AIM OF THE TASK:
In the material below, find the line with "The Georgina Waffle" and the line with "GLM分析显示(图1),3种", then output both and every line between them exactly, omitting pictures.

EXTRACTED MATERIAL:
+ + + +

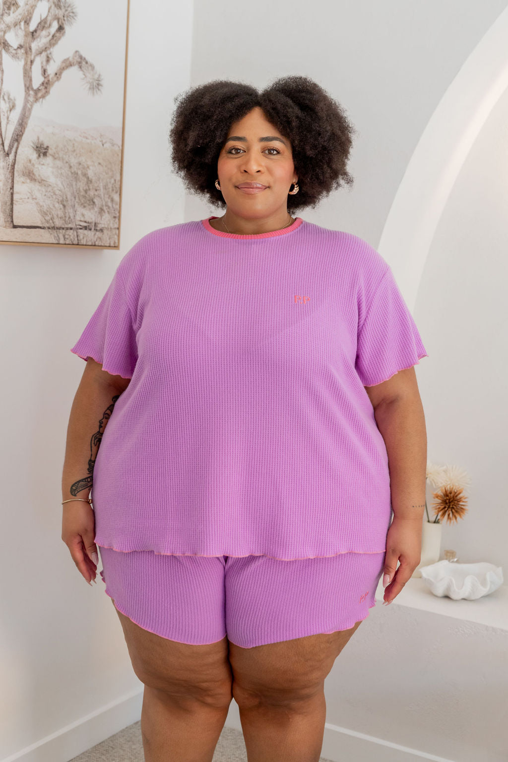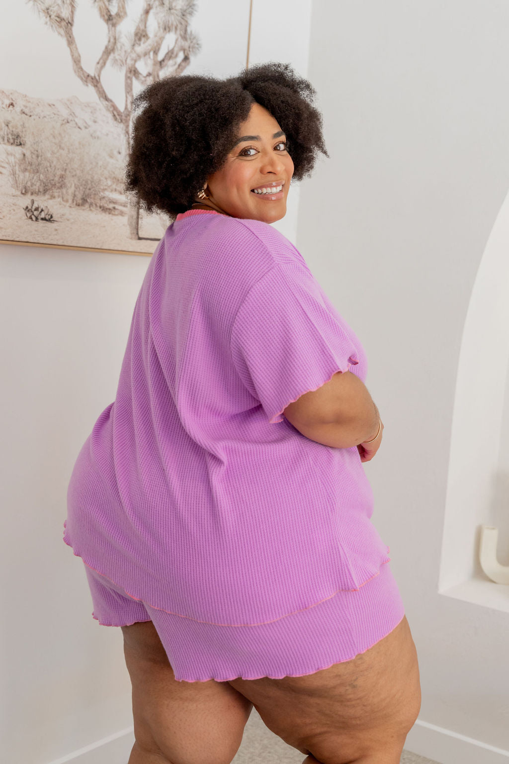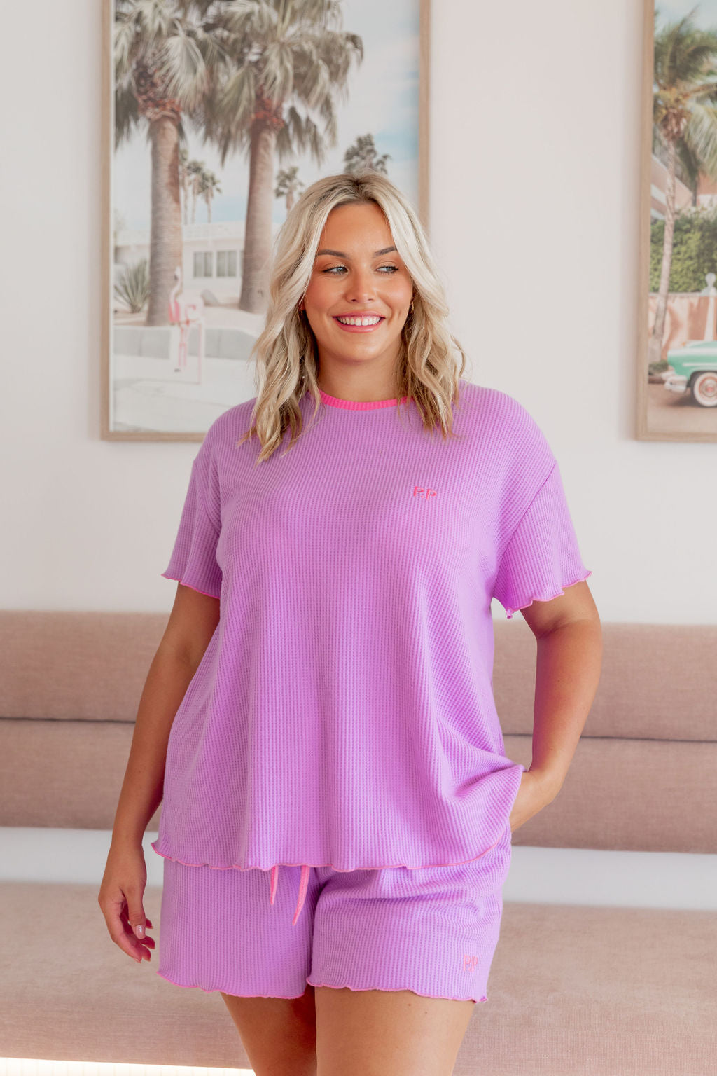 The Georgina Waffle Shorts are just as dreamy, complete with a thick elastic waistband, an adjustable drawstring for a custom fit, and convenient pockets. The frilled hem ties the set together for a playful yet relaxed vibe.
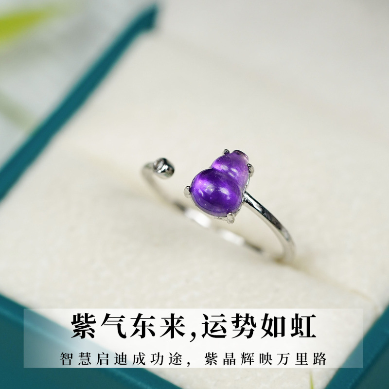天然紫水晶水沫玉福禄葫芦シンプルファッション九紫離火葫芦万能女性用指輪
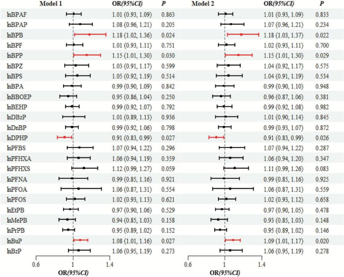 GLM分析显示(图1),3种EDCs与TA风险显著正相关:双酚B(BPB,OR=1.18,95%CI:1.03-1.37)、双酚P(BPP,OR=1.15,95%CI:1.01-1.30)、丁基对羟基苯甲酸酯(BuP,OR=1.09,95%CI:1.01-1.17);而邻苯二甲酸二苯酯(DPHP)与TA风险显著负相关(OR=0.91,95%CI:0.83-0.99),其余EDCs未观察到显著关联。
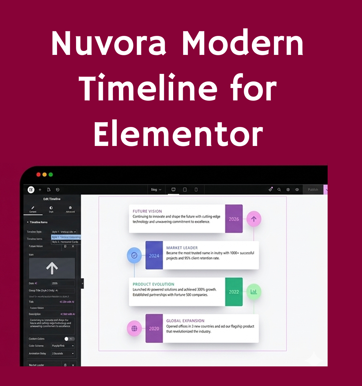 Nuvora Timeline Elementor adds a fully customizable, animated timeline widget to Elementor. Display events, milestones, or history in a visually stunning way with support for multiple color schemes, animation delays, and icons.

+ + + +

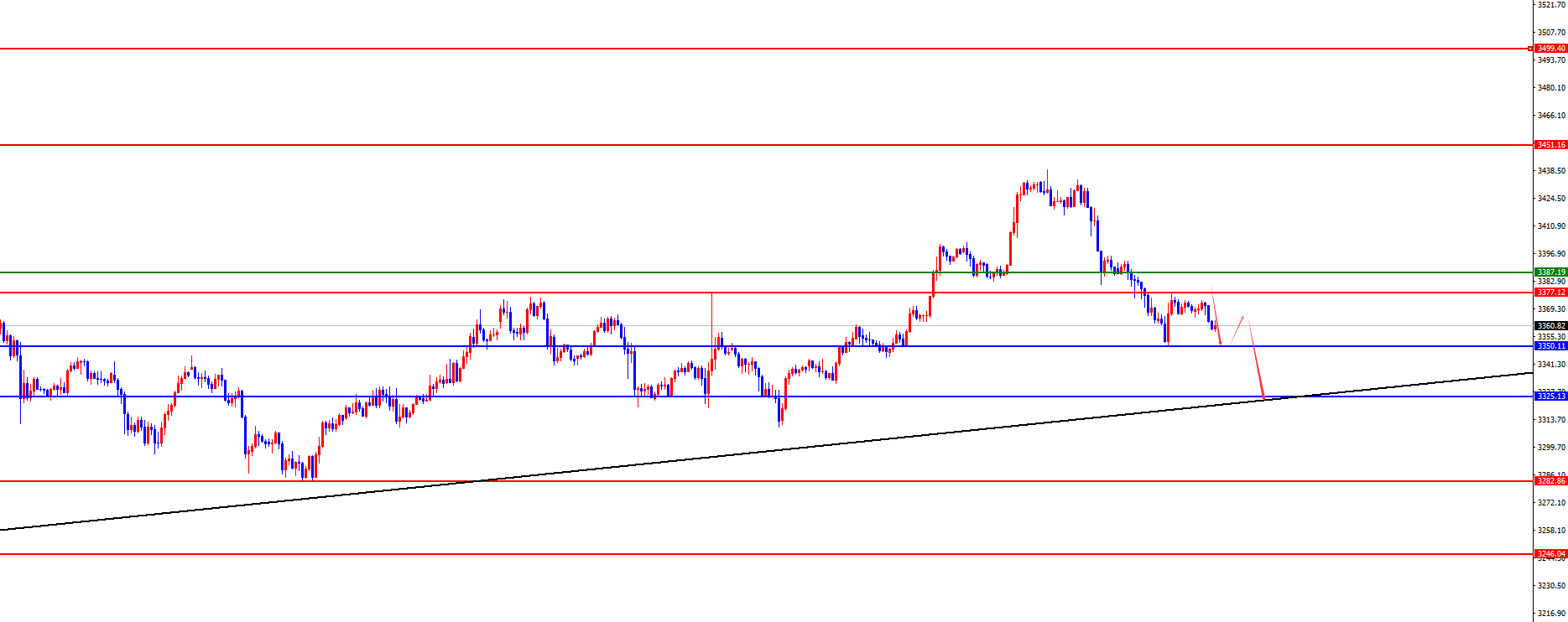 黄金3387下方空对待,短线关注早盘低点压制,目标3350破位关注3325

+ + + +

PROBLEM SOLUTION:
 The Georgina Waffle Shorts are just as dreamy, complete with a thick elastic waistband, an adjustable drawstring for a custom fit, and convenient pockets. The frilled hem ties the set together for a playful yet relaxed vibe.
天然紫水晶水沫玉福禄葫芦シンプルファッション九紫離火葫芦万能女性用指輪
 GLM分析显示(图1),3种EDCs与TA风险显著正相关:双酚B(BPB,OR=1.18,95%CI:1.03-1.37)、双酚P(BPP,OR=1.15,95%CI:1.01-1.30)、丁基对羟基苯甲酸酯(BuP,OR=1.09,95%CI:1.01-1.17);而邻苯二甲酸二苯酯(DPHP)与TA风险显著负相关(OR=0.91,95%CI:0.83-0.99),其余EDCs未观察到显著关联。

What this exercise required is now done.